Is the same fate awaiting the increasingly popular investment style known as smart beta?

Among securities industry professionals, the threat level is rising. Concern stems from a surge in money chasing strategies that slice and dice the market based on various stock traits, such as factors like cheapness or volatility. Assets in these smart-beta exchange-traded funds, which use methods that are similar to actively managed portfolios but are in a passive instrument, just topped $500 billion for the first time.

And that’s just the tip of the iceberg. Interest in quantitative investing is exploding as traditional managers like Paul Tudor Jones recruit market technologists in droves. Thousands of data scientists are entering investing contests as crowd-sourced funds like Quantopian promise to plow funds into computer programs. Hedge funds have as much as $300 billion in quant strategies, much of it incorporating factor logic.

Quant’s a craze. And it’s starting to evoke memories of trades that got too crowded in the past.

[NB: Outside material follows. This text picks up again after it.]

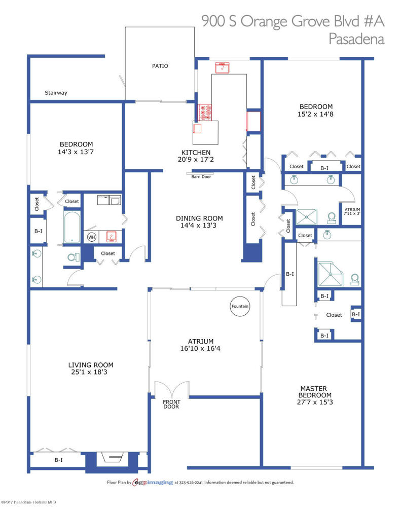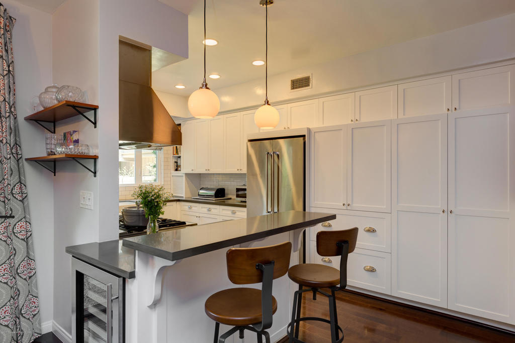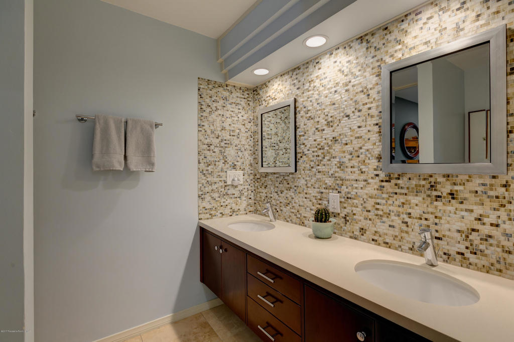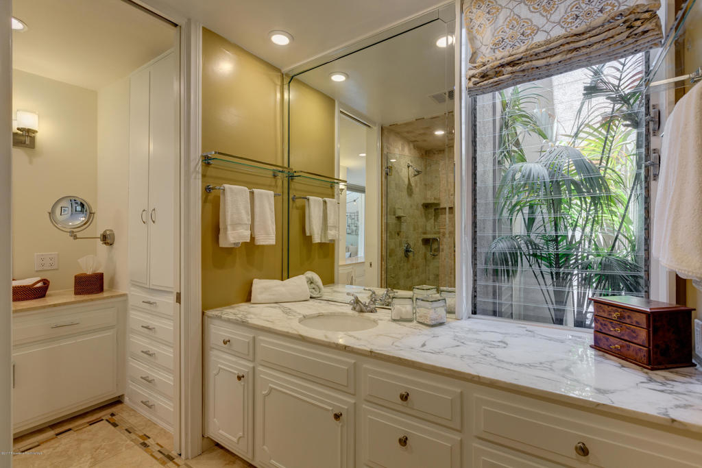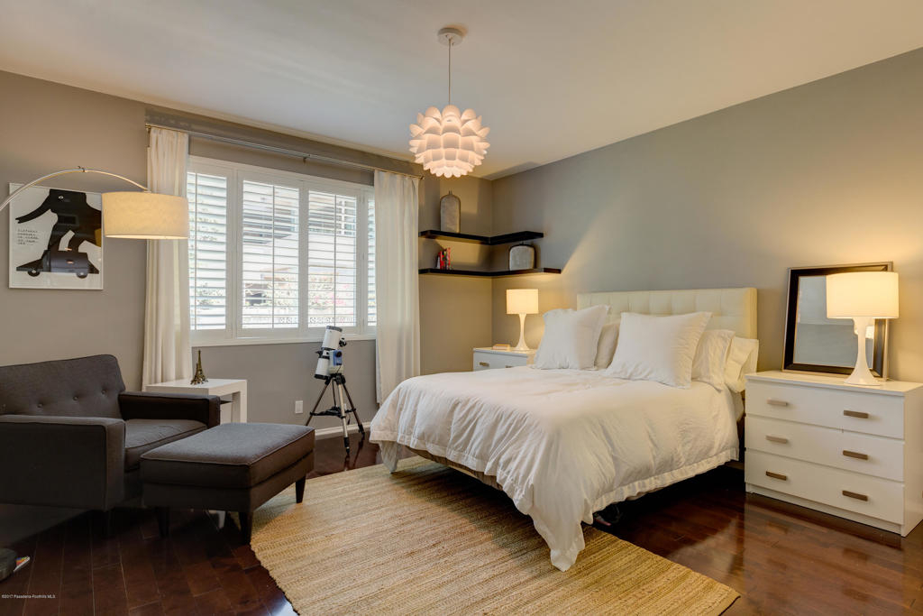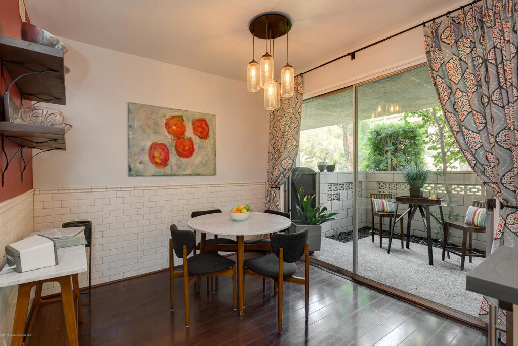 This stunning, mid-century condo boasts three bedrooms, three bathrooms, a double-door entry and an outdoor patio. With a water feature and open-air feel, the atrium off the entry is an entertainers dream and has access to the master suite, living room and dining room. In the spacious living room with a gas fireplace, windows fill the room with sunlight. Off the hallway is a bedroom suite with double sinks and a built-in wardrobe. The dining room is central to the home and features a spectacular barn door. The eat-in kitchen includes a Thermador Professional six-burner stove, Quartz countertops, a wine refrigerator, a farmhouse sink, loads of storage and a breakfast bar. A gorgeous master suite completes the unit with a spacious walk in closet, marble shower and vanityarea, and separate bath featuring marble countertops and shower. With its close proximity to wonderful Old Town Pasadena's restaurants, shopping, and fitness studios, and a short drive to Downtown Los Angeles, this beautiful home is situated in the ideal location.

AQR Capital Management’s Cliff Asness, while not in the Cassandra camp, says it isn’t unusual for the volatility of trading methodologies to increase once they seep into the public consciousness. Crashes, to Asness a natural feature of the investing landscape, become a bigger risk.

“I won’t pretend I don’t wish we were the only ones who knew about these,” the 50-year-old founder of Greenwich, Connecticut-based AQR said.

Concerns about market risks arising from stocks lumped together by factors have been around for a while, topping out a year ago when industry pioneer Rob Arnott warned that many strategies had worked because their popularity was puffing up valuations.

While far from unanimously accepted, Arnott’s theory reflected a concern common in trading circles that once a strategy becomes known, its charms diminish. For program traders, the classic example was the August 2007 quant meltdown, in which correlated bets among a swath of hedge funds turned sour and resulted in widespread losses.

Evidence has accrued over the years that it becomes harder to profit from market anomalies once they’re harvested en masse. Take investment ideas outlined in academic papers. Three years after publication, their returns fall by more than half, according to research from David McLean, a finance professor at DePaul University.